3.3. Sprinkler Irrigation Tool: Add-On Resources

The spreadsheet provides complementary options to estimate the energy and power of water drops impacting on the soil surface; it also allows for the determination of sprinkler irrigation performance rates. In both cases, the information is presented in tabular form, although it is possible to record it visually. Impact sprinklers for agricultural irrigation are commonly arranged at fixed spacings (rectangular or triangular). Sprinkler spacings are usually expressed by an R or T letter followed by the distances between the sprinklers (e.g., T18 m × 18 m). At a given point, the overlapping of the drops supplied by all contributing sprinklers determines the received water and the kinetic energy of the water drops. These amounts depend on the operating pressure and on the sprinkler spacing.
In order to assess the kinetic energy of water drops emitted by an isolated impact sprinkler, Table 4 shows the summary of geometrical and kinematic drop characterizations, taking into account information presented by Bautista-Capetillo et al. [59] in their low-speed photographical data set that corresponds to an operating pressure of 400 kPa (, accessed on 5 September 2022). Kinetic energy was determined for each drop and its distance from the irrigation sprinkler, then the drop diameter range, volumetric mean diameter, drop velocity range, drop velocity average, drop kinetic energy range, sprinkler kinetic energy, precipitation rate, kinetic power, and specific power were included in Table 4. Drop kinetic energy clearly increased with the distance from the sprinkler; indeed, the average values amounted to 16.87 × 10−7 J, 33.73 × 10−7 J, 96.98 × 10−7 J, and 242.28 × 10−7 J for 3 m, 6 m, 9 m, and 12 m, respectively. A similar trend follows for the EkΩ, PkΩ, and δp variables.
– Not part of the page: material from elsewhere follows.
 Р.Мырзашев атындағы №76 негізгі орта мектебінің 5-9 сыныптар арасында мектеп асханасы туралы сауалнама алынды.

It is worth noting that the values reported here are comparable to the previous findings of Kincaid [39] and DeBoer [66] for different impact sprinklers and operating conditions and those of DeBoer and Monnens [67] for a rotating spray plate sprinkler. However, it should also be pointed out that generally these data are not reliable, but the potential effects are linked to the energy with which the water drops impact the soil surface to cause soil erosion, alterations in infiltration rates, and soil surface sealing, among others.
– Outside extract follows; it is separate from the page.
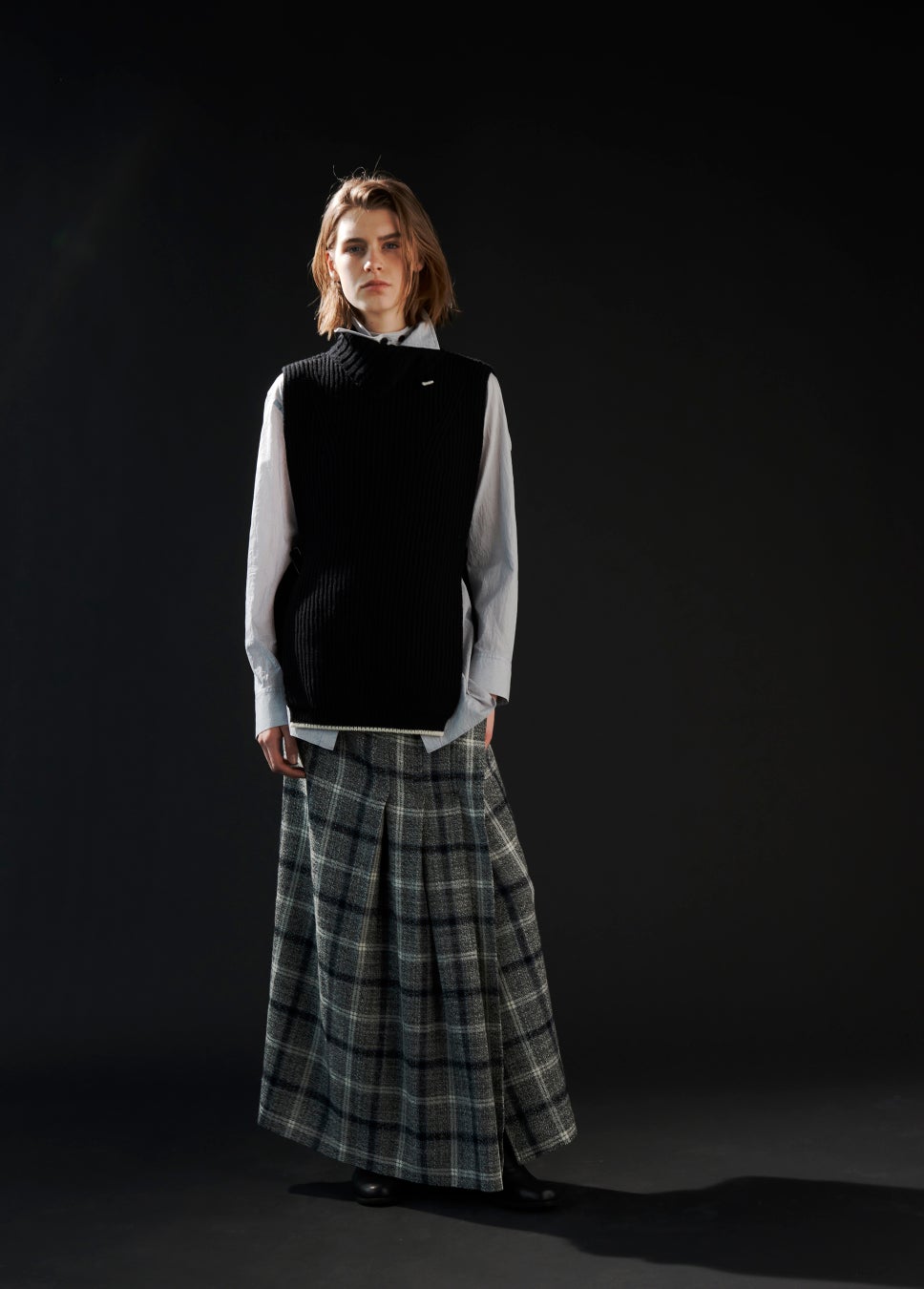 アシンメトリーラッププリーツスカート。重なる部分が斜めになり、タイトシルエットのスカートに動きを加える。アクセサリーのように身に付けるニットベストと合わせたトラディショナルな印象のスタイル。

A deeper understanding of the spatial and temporal distribution of kinetic energy with which water drops impact a certain surface can be achieved by plotting contour maps. Nevertheless, the sprinkler irrigation tool only provides tabular information (Table 4), so it is necessary to make recourse to other computational tools suitable for interpolating and generating such maps. The data shown in Figure 8 were made with the commercial software XLSTAT® Premium version, licensed by Addinsoft 2022.5.1 1394. Kinetic energy under no-wind conditions for rectangular and triangular sprinkler spacings are discussed for spacings R18 × 18, R15 × 15, T18 × 18, and T15 × 15. Maps were produced for combinations of each spacing and 400 kPa of hydraulic working pressure for an irrigation time of 1 h. The contrast of kinetic energy per unit of time on each surface is visible in each subfigure. Its distribution depends, to a large extent, on the spacing between sprinklers and arrangement choice. In an R18 × 18 configuration, the kinetic energy attained maximum values at the central part of the framework (around 6000 J h−1); such value gradually decreases, reaching 1000 J h−1, as it is moves closer to the framing edges. In relation to the R15 × 15 arrangement, the kinetic energy varies from the sprinklers towards the central portion of surface; its value is close to 5000 J h−1 around the sprinklers and then decreases to 1000 J h−1 before increasing to 4700 J h−1 and again decreasing to 3000 J h−1. As for the triangular arrangements, in T18 × 18 most of the surface receives, in the course of one hour, a kinetic energy approaching 3800 J, although in some areas values oscillate between 1200 and 1600 J, and in certain small circular portions, the value reaches 4680 J. For T15X15, kinetic energy increases from the base to the upper vertex and height becomes an axis of symmetry; these values are between 3000 J h−1 and 6400 J h−1.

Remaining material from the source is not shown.